You can't control geopolitics. But you can control how your household absorbs the shock.
Fuel: If you're within six months of a car change, the economics of switching to a hybrid or EV just improved. Electricity prices rise less than petrol when oil spikes — the grid runs mostly on gas and renewables, not oil. For now, apps like PetrolPrices help you find the cheapest local station, and supermarket loyalty fuel offers stretch further when prices are high.
Energy bills: Check your tariff. If you're on the Ofgem cap variable rate, compare fixed deals on Ofgem's switching site. A 12-month fix at a competitive rate locks in certainty. But read the exit penalties — if oil drops, you want to be able to switch again.
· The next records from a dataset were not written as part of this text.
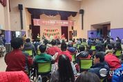 한국시사경제 문화팀 | (재)김해시복지재단 김해시서부장애인종합복지관은 12월 16일 복지관 이용자와 지역주민 등 약 300명이 참여한 가운데 2025년 송년행사 '기억해~ 2025, 기대해~ 2026'을 성황리에 개최했다. 이번 행사는 한 해 동안 복지관에서 함께해 온 다양한 활동과 성과를 되돌아보고, 이용자와 직원, 지역사회가 서로에게 감사와 응원의 마음을 전하며 따뜻하게 한 해를 마무리하고자 마련됐다. 행사는 참여마당, 공연마당, 나눔마당으로 구성되어 오전 10시부터 복지관 곳곳에서 다채롭게 펼쳐졌다. 참여마당에서는 노래자랑 ‘서부 노래방’을 비롯해 도자 모빌 만들기 체험, 타로상담, 둘레(헤어)살롱, 네컷사진 촬영 등 이용자가 직접 즐길 수 있는 다양한 프로그램이 운영됐다. 특히 선물 나눔 이벤트 ‘하늬선물마켓’에서는 푸짐한 선물 뽑기가 진행돼 행사 분위기를 한층 더 뜨겁게 달궜다. 공연마당에서는 경남무형유산 제37호인 김해오광대보존회의 특별공연 ‘찾아가는 오광대놀이’를 시작으로, 복지관 평생교육지원사업 수강생들의 난타·텅드럼 공연과 동아리 ‘휠하모니’의 음악 공연이 이어졌다. &
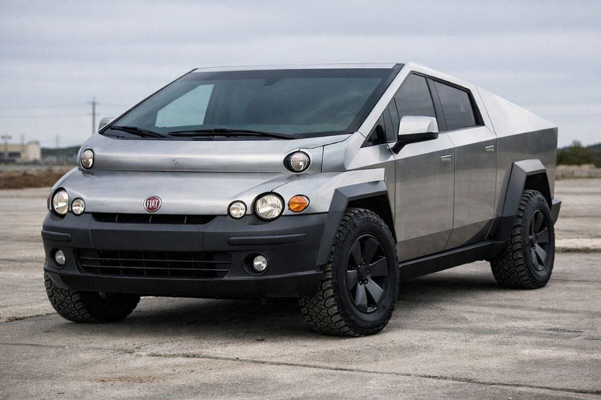 This digital experiment replaces the Cybertruck’s minimalist, flat front and horizontal LED strip with the unmistakable “bulging” headlights of the Italian cult classic. The AI swapped the cold, stainless steel bumper for the iconic, chunky black plastic of the Multipla, complete with a Fiat logo front and center. Ironically, the result possesses far more personality than the “made in USA” version, which often looks like a low-resolution video game asset that failed to load properly.
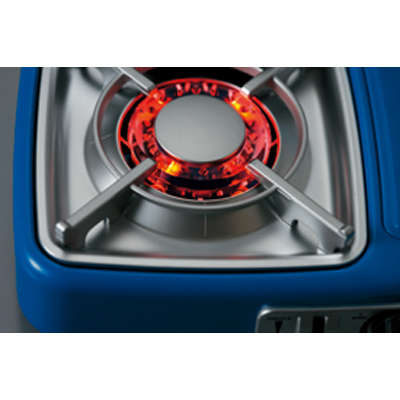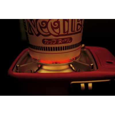 お湯を入れて、コンロに乗せると、ガスの炎の替わりにLEDが赤く光って、タイマースタート、タイマーは3分と4分が選べます。

Savings: Higher-for-longer interest rates are actually good news if you have cash savings. With the base rate at 3.75%, easy-access accounts are still paying 4%+. If rate cuts are delayed, your savings benefit. See our guide on protecting your savings as rates evolve.
Mortgages: If you're coming off a fix in the next 6 months, start shopping now. Most lenders let you lock a rate 6 months ahead. If swap rates keep rising, today's deals will look generous in hindsight. Our mortgage rate analysis covers the latest numbers.
ISA deadline: The ISA allowance resets on 5 April. If you have unused allowance, sheltering cash in a Cash ISA at 4%+ tax-free makes even more sense when inflation is rising — every pound of real return you can protect from tax matters more.
This article is for informational purposes only and does not constitute financial advice. You should seek independent financial advice before making any investment decisions.